Based on this procedure, the PCC should be implemented in three phases. On February 1, 2017, Phase I of the PCC began with a public event in which contracts that represented 31 percent of the volume of commercialization to remain with Pemex TRI and 21.3 percent of contracts were selected through a raffle. what should be made available to third-party marketers in this first phase, guaranteeing at all times the contractual freedom of the purchasers to choose the marketer of their choice.

As of March 2018, Pemex TRI had ceded more than 30 percent of the volume of natural gas that it traded at the beginning of the CCP, more than 10 percentage points higher than expected.

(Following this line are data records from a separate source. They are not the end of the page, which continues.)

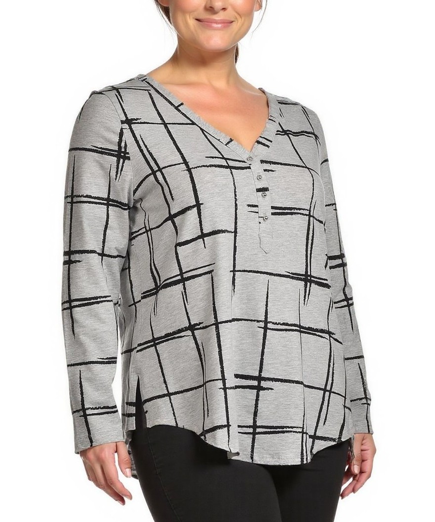 Дамска блуза от памук с модерна графична каре-шарка, V-образно деколте с копчета и дълъг ръкав. Меко, дишащо трико, удобна кройка за ежедневно носене и лесна поддръжка. Нежно изпиране. Налични размери
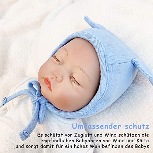 [Un berretto termico per neonati] Il berretto per neonati Pesaat con laccetto protegge la delicata testa del bambino. Il morbido doppio cotone è particolarmente comodo e ideale per i neonati. Il berretto protegge la testa del bambino da vento, sole e correnti d'aria.
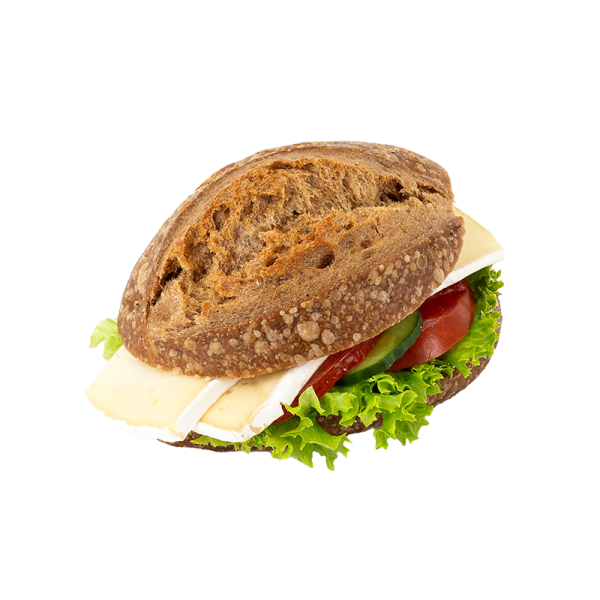 Unser Urdinkel-Baguette gefüllt mit Butter, Lolosalat, Brie, Salatgurken und Tomaten. Eine köstliche und rustikale Kombination.
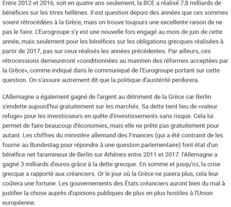 Et que feront les mêmes larrons de nouveau en 2031, les taux d’intérêt ayant monté entre-temps ? Ils repousseront encore de nouveau de dix ans la date de remboursement en affirmant que la Grèce n’est pas en faillite puisqu’elle n’a toujours pas de dette à rembourser ! Les informations sur la Grèce sont un mensonge d’État que l’infosphère, les blogs et les réseaux internet doivent dénoncer avec force.
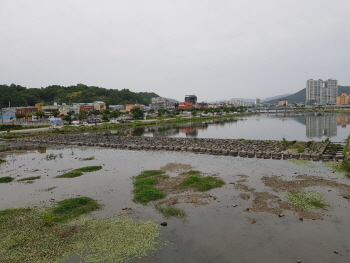 하천유지수 안 보내 수초 만발, 물 흐름 없이 썩어가는 탐진강
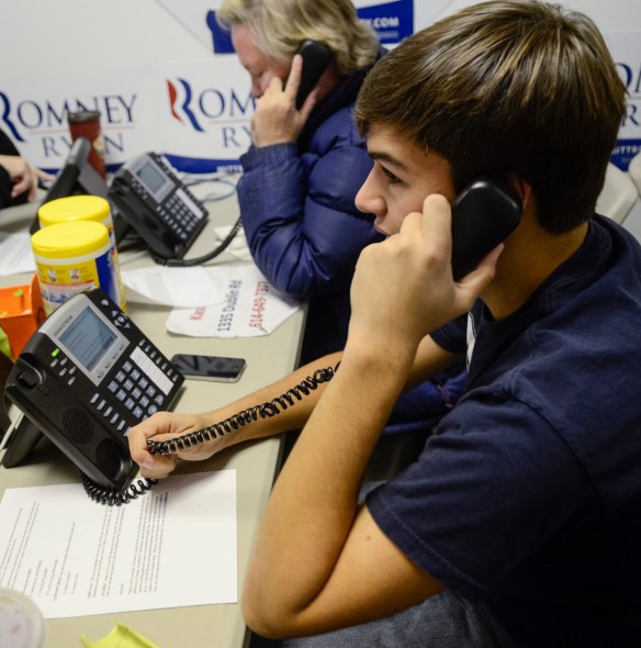 Volunteer Dalton Miller makes a phone call to a prospective voter Tuesday at Mitt Romney’s Ohio headquarters. People from as far as Texas united at the office to encourage voters to get out to vote.
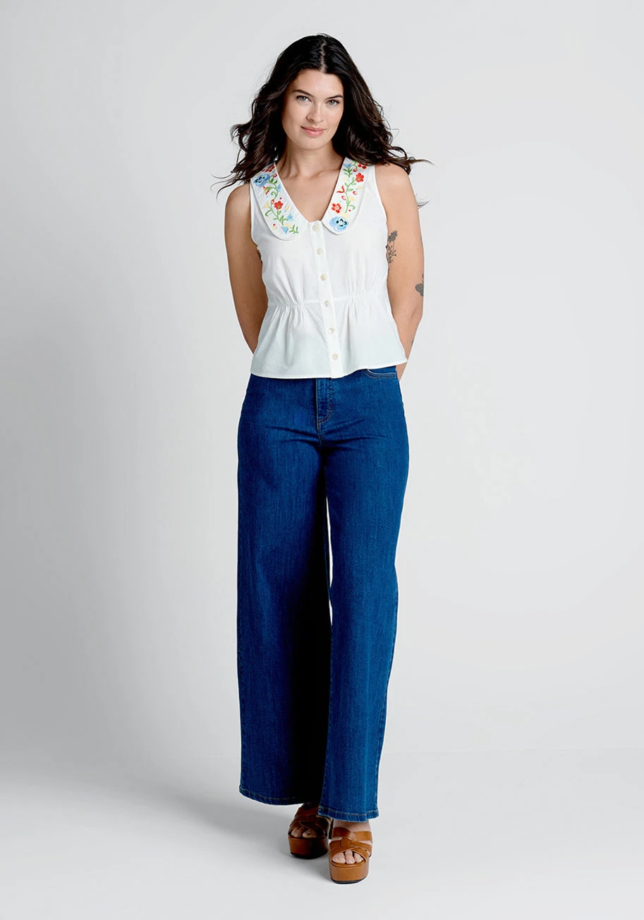 In idyllic cottagecore fashion, this white peplum top from our ModCloth namesake label is beautifully embroidered with a leafy green garland of red, blue, and yellow flowers that delicately adorn the lapel of a stylish Peter Pan collar. Made from a white cotton-rayon blend, this sleeveless button-up top boasts a curved V-neckline, front button closure, and gathered detailing at the natural waist that gives way to an adorable peplum hemline with a subtly cropped finish.
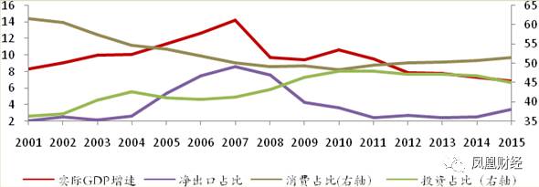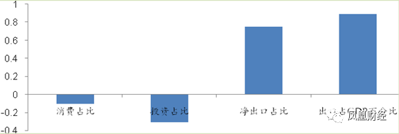 2001-2016年间,与出口占比相比,同期消费、投资、净出口占比与GDP增速的相关性仅为-0.11、-0.31和0.74,而消费、投资和出口实际增速与GDP增速相关性为0.43、0.54和0.48,出口占比与GDP增速的相关性最高(0.89)。

Because the results of Phase I were favorable, the CRE decided to unify Phases II and III in a single Final Phase, which consists of Pemex TRI making available to third party marketers 25.13 percent of its portfolio of contracts. commercialization corresponding to Phases II and III that to date are still supplied by Pemex.

The implementation of the Final Phase takes up some of the elements of Phase I in order to give continuity:

  1. Maximum publicity of contract data.
  2. Inclusion in the contracts of Pemex TRI, of a clause of anticipated termination without penalty, during the implementation of the PCC.
  3. Obligation for Pemex TRI to send a binding offer, which must be respected at the signing of the contract.
  4. Use of a base reference for the presentation of offers to users by Pemex TRI and the marketers, which facilitates the comparison of offers by users.
  5. Clarida the implementation process for the assignment, as well as follow-up of the same

It should be noted that marketing users can continue to choose to stay with Pemex or select another marketer without penalty.

The PCC facilitates the participation of new marketers and promotes the development of a dynamic, competitive and inclusive natural gas market.